Start of Block

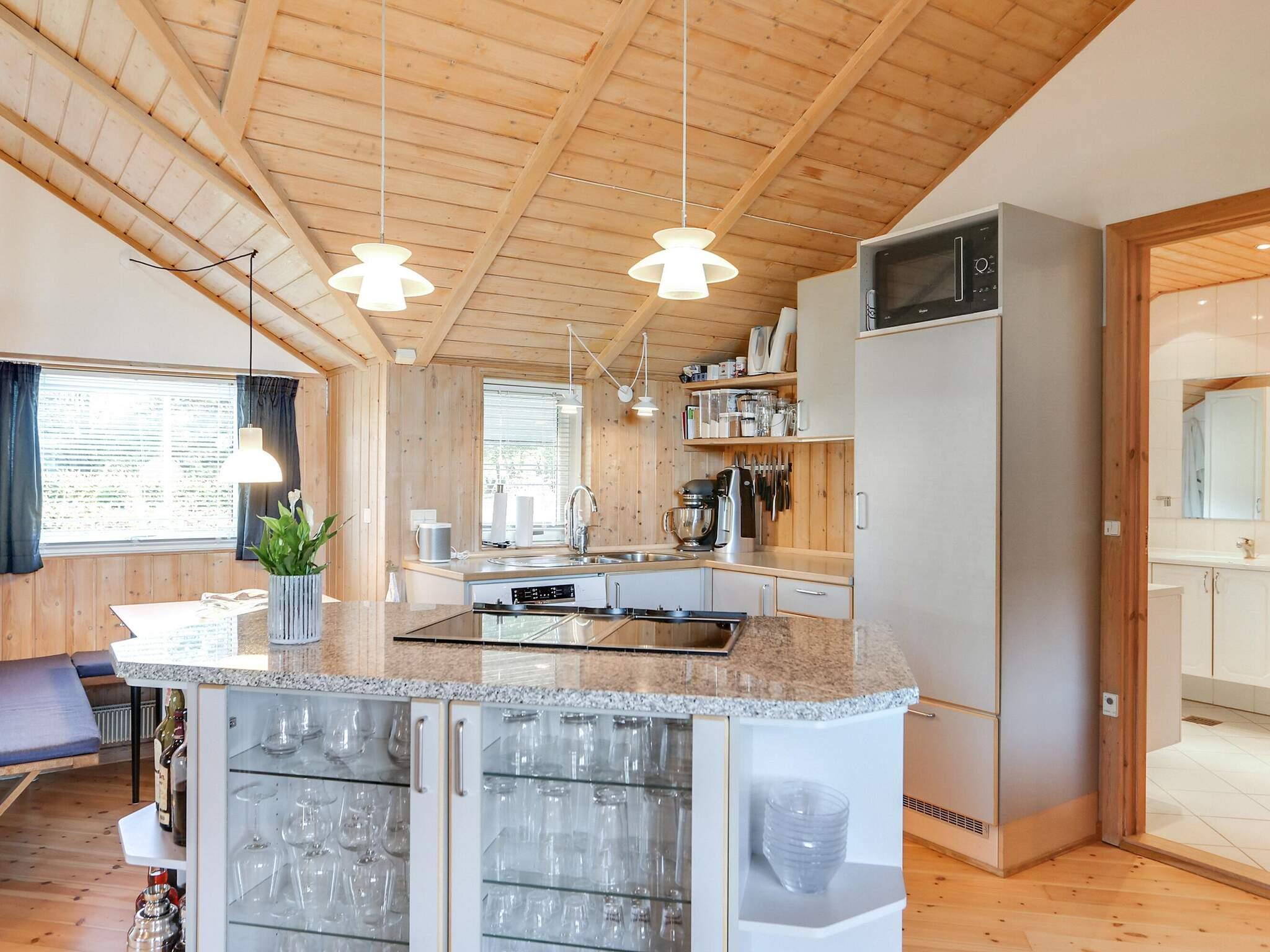 Vom gemütlichen Wohnbereich hat man schönen Ausblick zur teils überdachten Terrasse und weiter zum sonnigen Rasengrundstück. Die offen integrierte, helle Küche ist u.a. mit Cerankochfeld, separatem Backofen, Abzugshaube, Mikrowelle, Geschirrspüler und Kühlschrank mit Gefrierfach ausgestattet. Zudem gibt es nebenan im Schuppen einen zweiten Kühlschrank. Im Haus wurde auch eine energieeffiziente Luft-Luft-Wärmepumpe installiert, um so das Haus stromsparend und somit klimafreundlicher erwärmen zu können. Sie haben Zugriff auf WLAN, Blu-ray Lautsprecher sowie TV mit Chromecast für eigene Streaming-Dienste. Außerdem zwei helle Badezimmer mit Dusche. Es stehen im Haus drei Schlafzimmer mit jeweils zwei Schlafplätzen sowie Kinderbett und Hochstuhl für die Kleinen bereit.
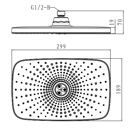 • Large rectangular rain shower head for full-body coverage
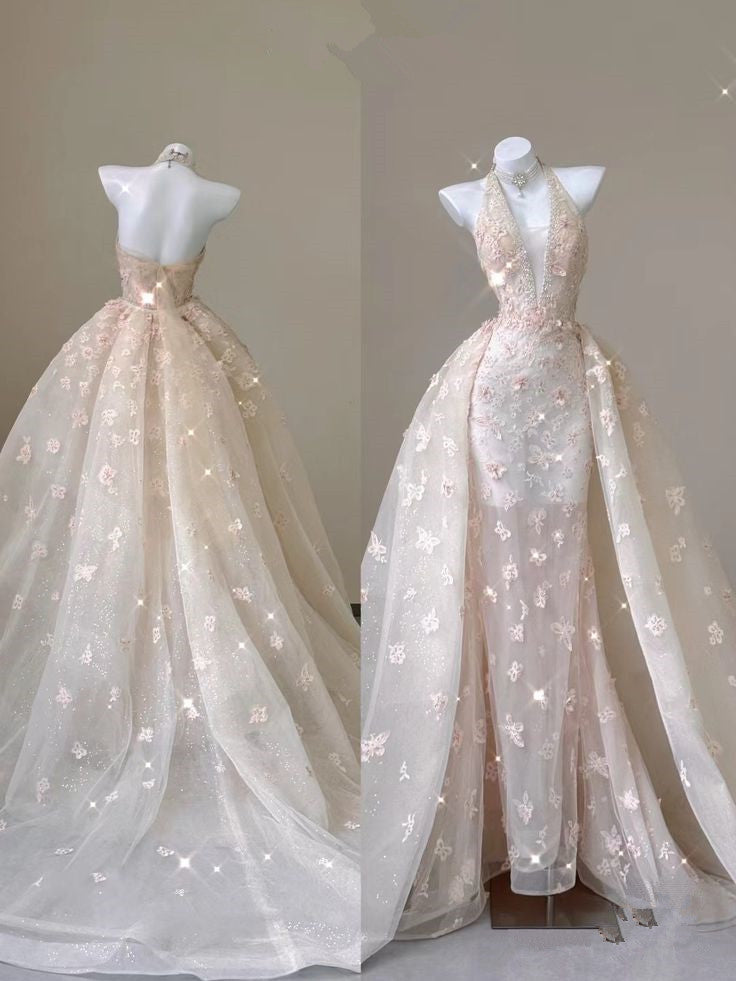 Light Pink Neckline V Neck 3D Printed Tulle Long Evening Dresses HZ1024
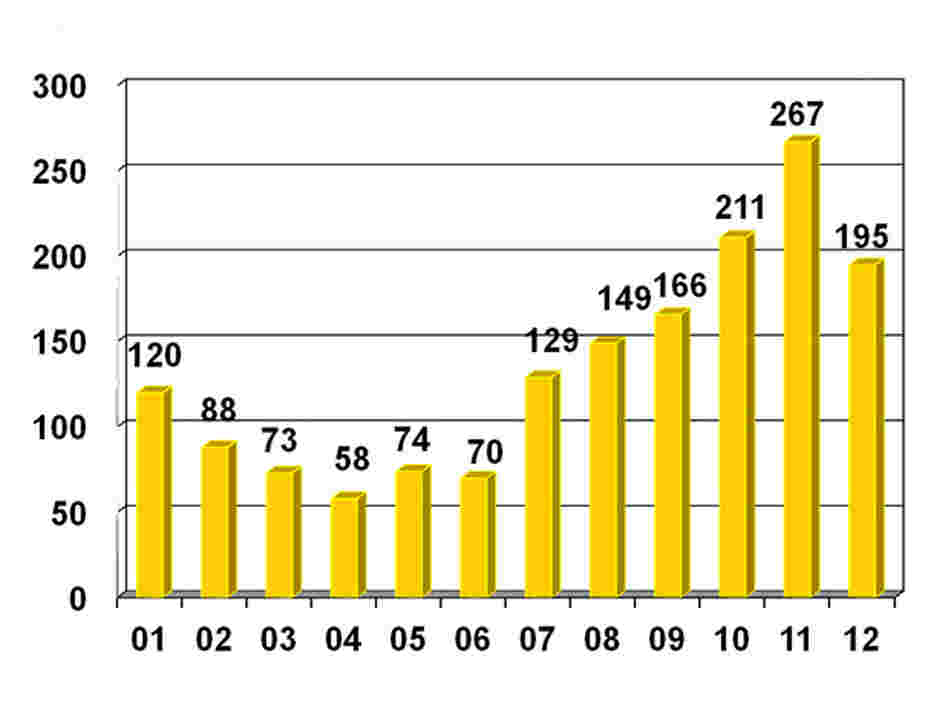The number of new drug shortages each year in the U.S., from 2001 through Dec. 21, 2012.
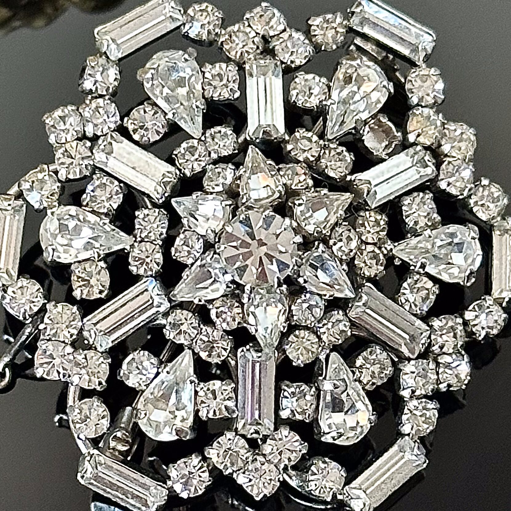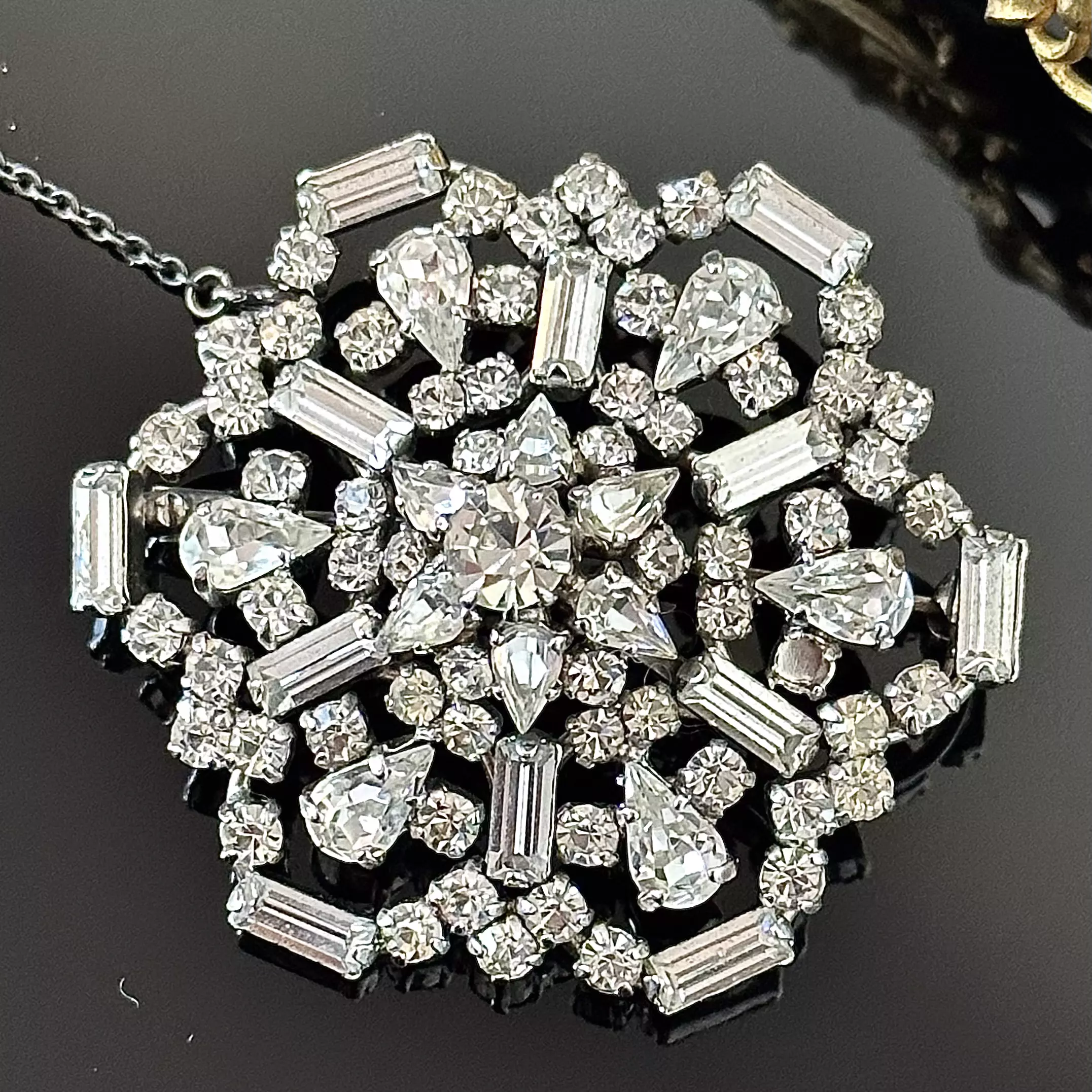 Posrebrzana broszka pokryta w pełni kamieniami Swarovskiego. Wyjątkowy projekt w stylu Art Deco pochodzi z Ameryki z końca lat 60. XX wieku. Lustrzane kamienie które wypełniły w 100% całą powierzchnię broszki, wprowadziły do projektu światło, fasetowane kamienie całkowicie dominuje nad klejnotem, osadzone kamienie są zróżnicowane kształtem i wielkością, co po geometrycznym ich rozmieszczeniu podkreśliło idealnie wzornictwo Art Deco z tamtego okresu.

End of Block

→ **TASK TO CARRY OUT**: Starting at the line that contains "The number of" and ending at the final line of the data, reproduce each line exactly. Pictures stay out of the copy.

→ **RESULT OF THIS EXERCISE**:
The number of new drug shortages each year in the U.S., from 2001 through Dec. 21, 2012.
 Posrebrzana broszka pokryta w pełni kamieniami Swarovskiego. Wyjątkowy projekt w stylu Art Deco pochodzi z Ameryki z końca lat 60. XX wieku. Lustrzane kamienie które wypełniły w 100% całą powierzchnię broszki, wprowadziły do projektu światło, fasetowane kamienie całkowicie dominuje nad klejnotem, osadzone kamienie są zróżnicowane kształtem i wielkością, co po geometrycznym ich rozmieszczeniu podkreśliło idealnie wzornictwo Art Deco z tamtego okresu.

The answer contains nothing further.